Work to be completed — Within the entries below, please return exactly the lines from the one with "Al met al geen" through the one with "Вспомогательные корпуса отделаны", leaving out any pictures.

Records supplied —
- - - - -

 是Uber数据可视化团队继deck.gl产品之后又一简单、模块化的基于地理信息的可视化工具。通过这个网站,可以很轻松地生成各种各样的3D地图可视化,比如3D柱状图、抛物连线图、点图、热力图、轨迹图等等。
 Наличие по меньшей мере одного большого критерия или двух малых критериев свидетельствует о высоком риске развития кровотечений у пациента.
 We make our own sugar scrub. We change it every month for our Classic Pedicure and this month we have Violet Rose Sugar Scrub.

- - - - -

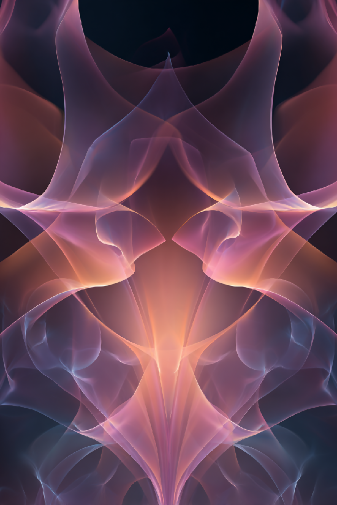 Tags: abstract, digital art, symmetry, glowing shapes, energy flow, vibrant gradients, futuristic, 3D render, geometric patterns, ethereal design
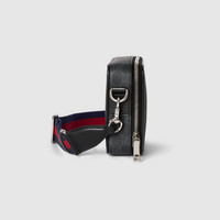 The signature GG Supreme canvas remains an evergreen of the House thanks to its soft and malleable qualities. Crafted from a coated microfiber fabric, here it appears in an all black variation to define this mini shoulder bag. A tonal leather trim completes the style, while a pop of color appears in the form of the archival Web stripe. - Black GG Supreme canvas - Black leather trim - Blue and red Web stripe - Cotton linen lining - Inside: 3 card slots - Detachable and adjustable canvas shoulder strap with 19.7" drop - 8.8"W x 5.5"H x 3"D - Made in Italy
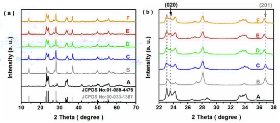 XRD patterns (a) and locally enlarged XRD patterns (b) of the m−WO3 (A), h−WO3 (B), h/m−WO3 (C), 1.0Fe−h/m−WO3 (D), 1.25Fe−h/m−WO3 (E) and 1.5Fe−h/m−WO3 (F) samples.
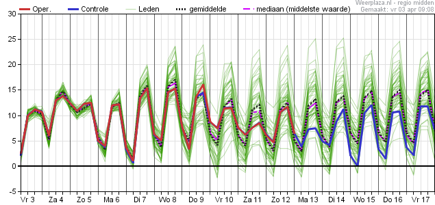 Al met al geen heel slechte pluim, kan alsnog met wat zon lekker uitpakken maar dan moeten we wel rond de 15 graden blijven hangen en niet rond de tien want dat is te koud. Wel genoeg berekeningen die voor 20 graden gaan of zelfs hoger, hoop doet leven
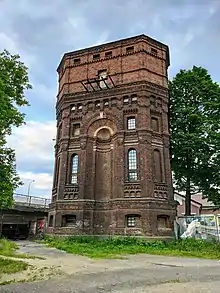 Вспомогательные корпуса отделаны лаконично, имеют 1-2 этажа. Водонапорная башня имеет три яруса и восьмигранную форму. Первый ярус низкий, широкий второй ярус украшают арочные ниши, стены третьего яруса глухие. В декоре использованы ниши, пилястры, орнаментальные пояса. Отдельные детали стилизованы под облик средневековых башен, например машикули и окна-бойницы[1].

- - - - -

Exercise response —
 Al met al geen heel slechte pluim, kan alsnog met wat zon lekker uitpakken maar dan moeten we wel rond de 15 graden blijven hangen en niet rond de tien want dat is te koud. Wel genoeg berekeningen die voor 20 graden gaan of zelfs hoger, hoop doet leven
 Вспомогательные корпуса отделаны лаконично, имеют 1-2 этажа. Водонапорная башня имеет три яруса и восьмигранную форму. Первый ярус низкий, широкий второй ярус украшают арочные ниши, стены третьего яруса глухие. В декоре использованы ниши, пилястры, орнаментальные пояса. Отдельные детали стилизованы под облик средневековых башен, например машикули и окна-бойницы[1].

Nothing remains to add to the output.